Using Unity Catalog with Structured Streaming

You can use Structured Streaming with Unity Catalog to manage data governance for your incremental and streaming workloads on Databricks. This document outlines supported functionality and limitations, as well as providing some recommended best practices for using Unity Catalog and Structured Streaming together.

What Structured Streaming functionality does Unity Catalog support?

Unity Catalog does not add any explicit limits for Structured Streaming sources and sinks available on Databricks. The Unity Catalog data governance model allows you to stream data from managed and external tables in Unity Catalog. You can also use external locations managed by Unity Catalog to interact with data using object storage URIs. You can write to external tables using either table names or file paths; you can only interact with managed tables on Unity Catalog using the table name.

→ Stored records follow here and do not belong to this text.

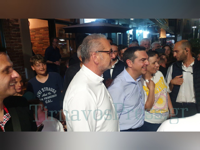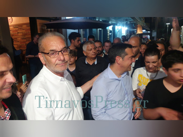 Με δυσκολία περπάτησε ανάμεσα στις καφετέριες της πλατείας έφτασε μέχρι το εκλογικό κέντρο του κόμματος συνομίλησε και χαιρέτησε σχεδόν όλους όσους καθόταν στα καφέ και εκεί συνάντησε και τον Δήμαρχο Τυρνάβου κ Ιωάννη Κόκουρα που ευχαρίστως τον καλωσόρισε στον Τύρναβο και είχαν μια σύντομη συζήτηση.
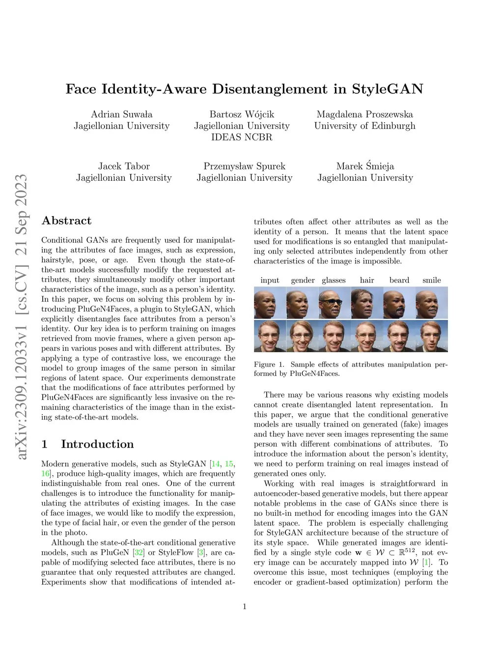 Conditional GANs are frequently used for manipulating the attributes of face images, such as expression, hairstyle, pose, or age. Even though the state-of-the-art models successfully modify the requested attributes, they simultaneously modify other important characteristics of the image, such as a person's identity. In this paper, we focus on solving this problem by introducing PluGeN4Faces, a plugin to StyleGAN, which explicitly disentangles face attributes from a person's identity. Our key idea is to perform training on images retrieved from movie frames, where a given person appears in various poses and with different attributes. By applying a type of contrastive loss, we encourage the model to group images of the same person in similar regions of latent space. Our experiments demonstrate that the modifications of face attributes performed by PluGeN4Faces are significantly less invasive on the remaining characteristics of the image than in the existing state-of-the-art models.
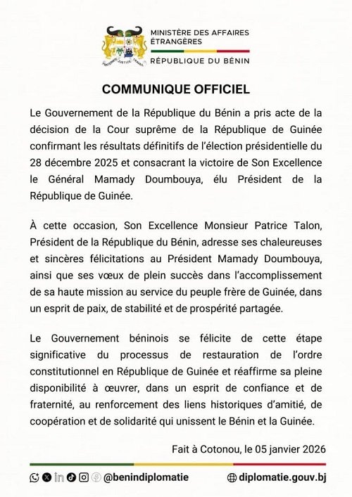 Le Bénin a officiellement réagi à l’élection de Mamady Doumbouya à la magistrature suprême en Guinée. Dans un communiqué en date du lundi 5 janvier 2026, le gouvernement béninois a indiqué avoir pris acte de la décision de la Cour suprême de la République de Guinée confirmant les résultats définitifs de l’élection présidentielle organisée le 28 décembre 2025. Ces résultats consacrent la victoire du Général Mamady Doumbouya, désormais élu Président de la République de Guinée.
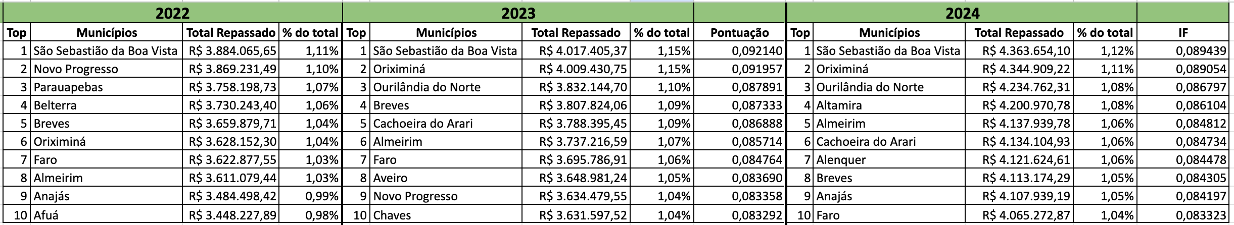 Nas tabelas, apresentamos o ranking dos municípios que mais receberam recursos nos últimos três anos. A análise da pontuação desses municípios no cálculo que define o valor repassado evidencia duas forças que determinam as melhores posições.
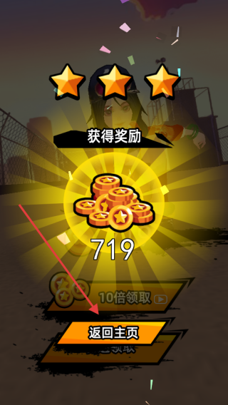 4、完成关卡后,可获得【719】金币奖励,点击【返回主页】可继续挑战或查看其他功能。
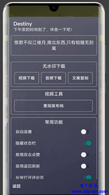 功能:防烧屏,全屏模式,自动播放,禁止点赞,全屏显文案,视频过滤,自定义顶栏标签等;
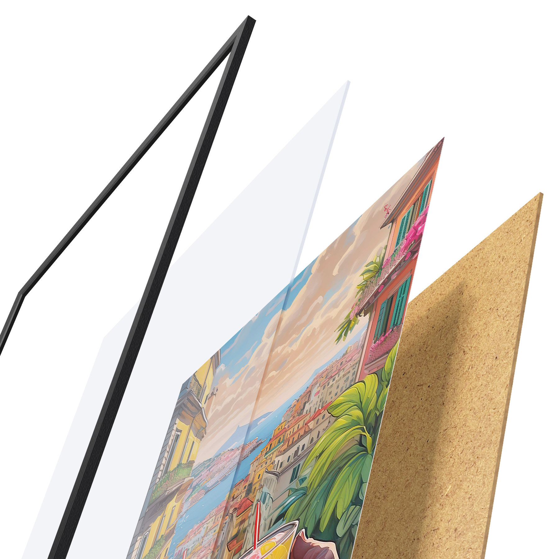Plakatą sudaro rėmas, pleksiklas, atspausdintas vaizdas ir medžio drožlių plokštės pagrindas. Plakatą galima iš karto pakabinti ant sienos dėl kitoje pusėje esančių laikiklių.
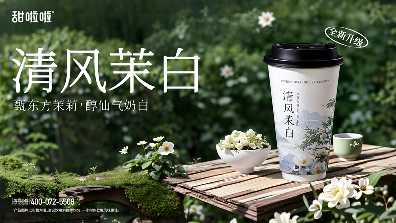 在这次降级茶底从前,甜啦啦就已经将“清风茉白鲜奶茶”拦阻降级。从包装来看,降级后的产物更具山水意境的水墨风,突出茉莉花香元素。更紧迫的是,除了视觉包材降级,“清风茉白鲜奶茶”茶底的拼配同步做了降级,在口感前途一步改善,经由研发团队一再试验以及救命,让花香馥郁成为主调,搭配甄选奶源,在主打康健零削减的根基上,部份口感更清新。降级后,茶香更显冶艳,花香加倍含蓄。

You can use external locations managed by Unity Catalog when specifying paths for Structured Streaming checkpoints. To learn more about securely connecting storage with Unity Catalog, see Manage external locations and storage credentials.

You can use external locations managed by Unity Catalog when specifying paths for Structured Streaming checkpoints.

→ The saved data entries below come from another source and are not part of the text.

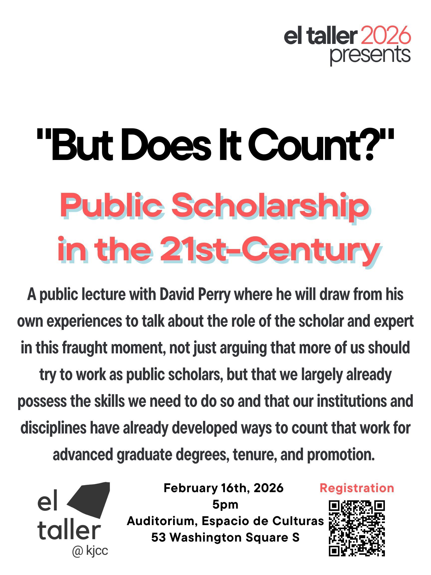 Please join us on Monday, February 16 for an in person workshop and public lecture with historian and public scholar David M. Perry:
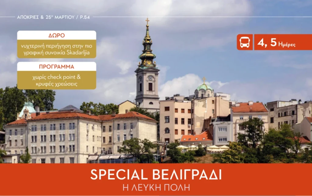 2η Ημέρα: Γύρος πόλεως με επίσκεψη στο Φρούριο Καλεμέγκνταν, τον Πύργο Nebosja (τόπος θανάτου του Ρήγα Φερραίου) και τον επιβλητικό Ναό του Αγίου Σάββα. Το βράδυ, βόλτα στην μποέμ συνοικία Skadarljia (τα “Λαδάδικα” του Βελιγραδίου).
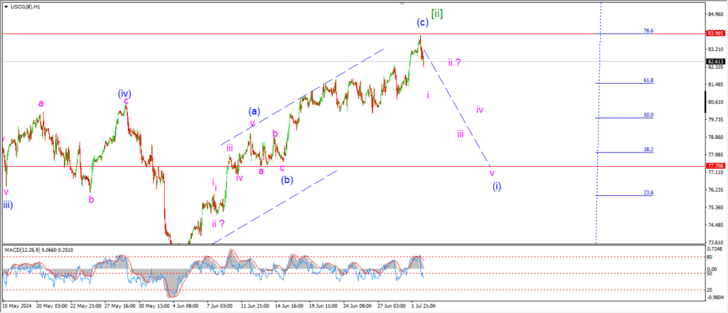 A break below the 80.00 handle again will give a boost to this idea for wave (i) down.
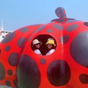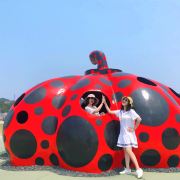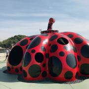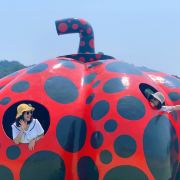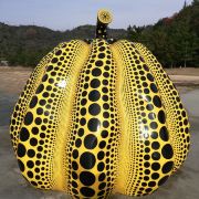 作者是这么评价自己的作品的追寻太阳的红色光芒一直来到宇宙的边际,来到了直岛的海面,变身成了红色南瓜。

For both interactive notebooks and scheduled jobs, you must use single user clusters for Structured Streaming on Unity Catalog. Python and Scala are supported.

To walk through an end-to-end demo using Structured Streaming on Unity Catalog, see Run your first end-to-end analytics pipeline in the Databricks Lakehouse.

What Structured Streaming functionality is disabled on Unity Catalog?

Unity Catalog does not support some Structured Streaming features, including:

  • Continuous streaming mode

  • Asynchronous checkpointing

  • Using display() with Structured Streaming queries

How to structure your checkpoint and table files for Unity Catalog

Unity Catalog does not allow you to nest checkpoint files under the table directory. Databricks recommends storing Structured Streaming checkpoint in Unity Catalog external locations. Because Unity Catalog always checks permissions to access external tables using the cloud URI, you can safely store checkpoint data adjacent to table data in external locations. For example:

s3:/my-bucket/table1/
s3:/my-bucket/table1.checkpoint/
s3:/my-bucket/table2/
s3:/my-bucket/table2.checkpoint/

Caveats and recommendations for long-running streams

Unity Catalog introduces new models for managing temporary tokens to access data sources and sinks. Because all tokens are ephemeral, long-running Structured Streaming workloads will fail after a set period of time.

Streams run against all purpose or job clusters will fail after 30 days of continuous execution. For long-running workloads, Databricks recommends running Structured Streaming queries in jobs configured to retry automatically on failure. For more details, see Configure Structured Streaming jobs to restart streaming queries on failure.